## [Records for the exercise]
....

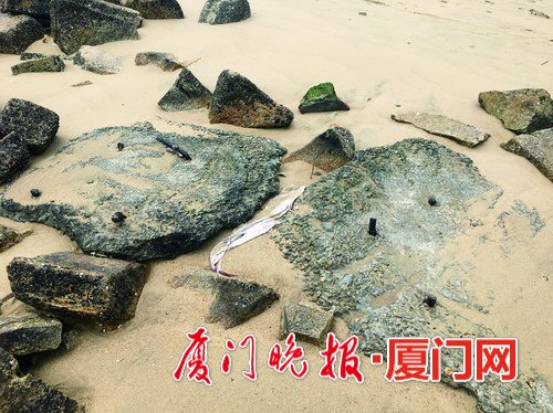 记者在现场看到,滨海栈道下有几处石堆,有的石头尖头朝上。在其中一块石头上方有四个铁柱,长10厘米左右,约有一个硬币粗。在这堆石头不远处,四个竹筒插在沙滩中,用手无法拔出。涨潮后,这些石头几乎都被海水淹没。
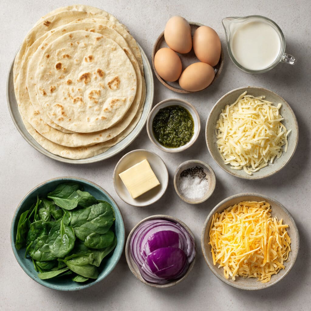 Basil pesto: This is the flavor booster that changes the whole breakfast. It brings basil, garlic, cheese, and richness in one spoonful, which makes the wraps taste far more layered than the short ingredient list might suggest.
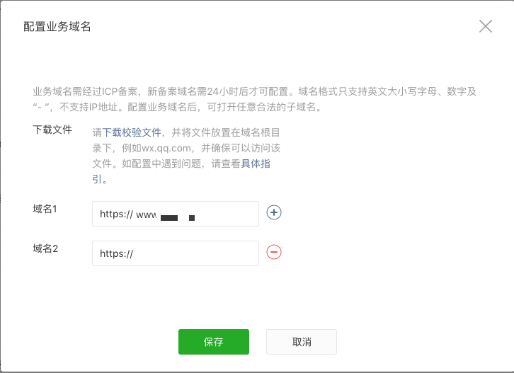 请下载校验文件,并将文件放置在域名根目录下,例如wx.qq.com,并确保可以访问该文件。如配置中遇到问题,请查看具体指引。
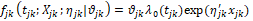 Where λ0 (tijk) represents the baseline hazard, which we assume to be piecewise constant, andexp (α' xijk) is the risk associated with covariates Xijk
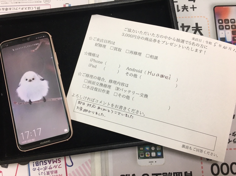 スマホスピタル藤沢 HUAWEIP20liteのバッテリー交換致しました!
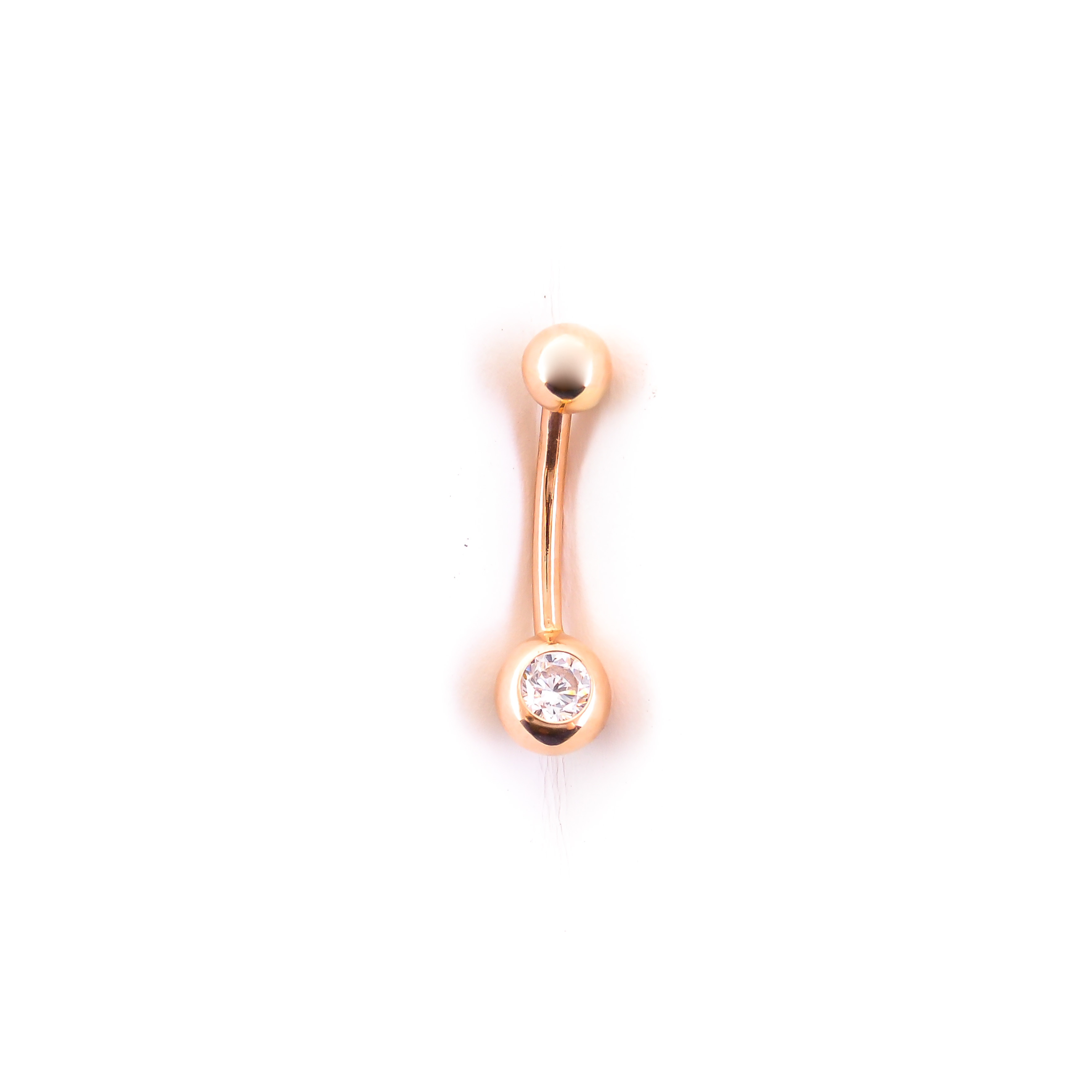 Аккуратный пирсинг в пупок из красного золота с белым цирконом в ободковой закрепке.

....

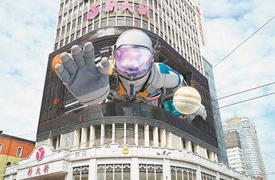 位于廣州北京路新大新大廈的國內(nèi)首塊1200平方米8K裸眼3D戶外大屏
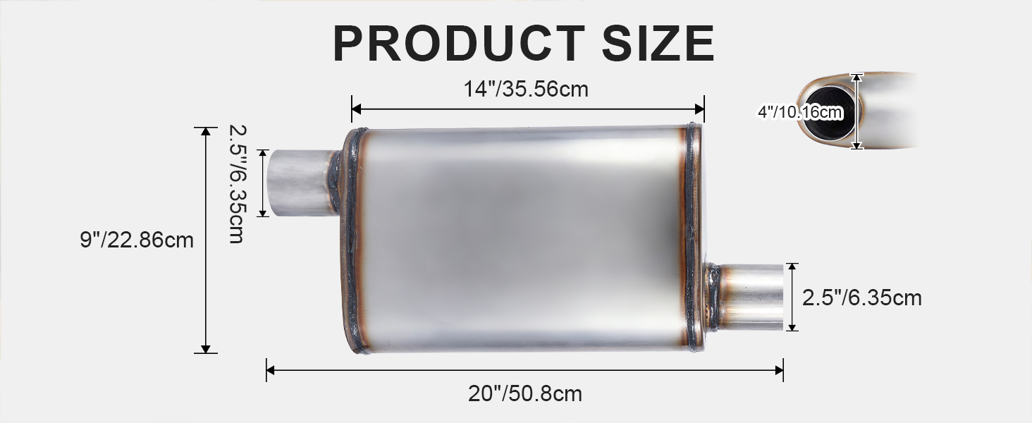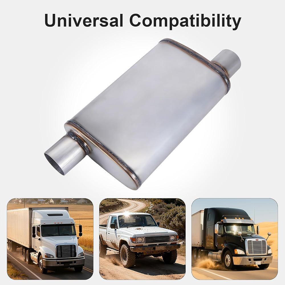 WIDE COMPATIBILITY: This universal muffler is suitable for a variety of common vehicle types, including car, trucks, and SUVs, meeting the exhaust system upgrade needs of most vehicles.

....

## [Directions for this task]
From the data above, return only the lines starting at the line that holds "记者在现场看到,滨海栈道下有" and ending at the line that holds "Аккуратный пирсинг в", word for word and without pictures.

## [Written answer]
 记者在现场看到,滨海栈道下有几处石堆,有的石头尖头朝上。在其中一块石头上方有四个铁柱,长10厘米左右,约有一个硬币粗。在这堆石头不远处,四个竹筒插在沙滩中,用手无法拔出。涨潮后,这些石头几乎都被海水淹没。
 Basil pesto: This is the flavor booster that changes the whole breakfast. It brings basil, garlic, cheese, and richness in one spoonful, which makes the wraps taste far more layered than the short ingredient list might suggest.
 请下载校验文件,并将文件放置在域名根目录下,例如wx.qq.com,并确保可以访问该文件。如配置中遇到问题,请查看具体指引。
 Where λ0 (tijk) represents the baseline hazard, which we assume to be piecewise constant, andexp (α' xijk) is the risk associated with covariates Xijk
 スマホスピタル藤沢 HUAWEIP20liteのバッテリー交換致しました!
 Аккуратный пирсинг в пупок из красного золота с белым цирконом в ободковой закрепке.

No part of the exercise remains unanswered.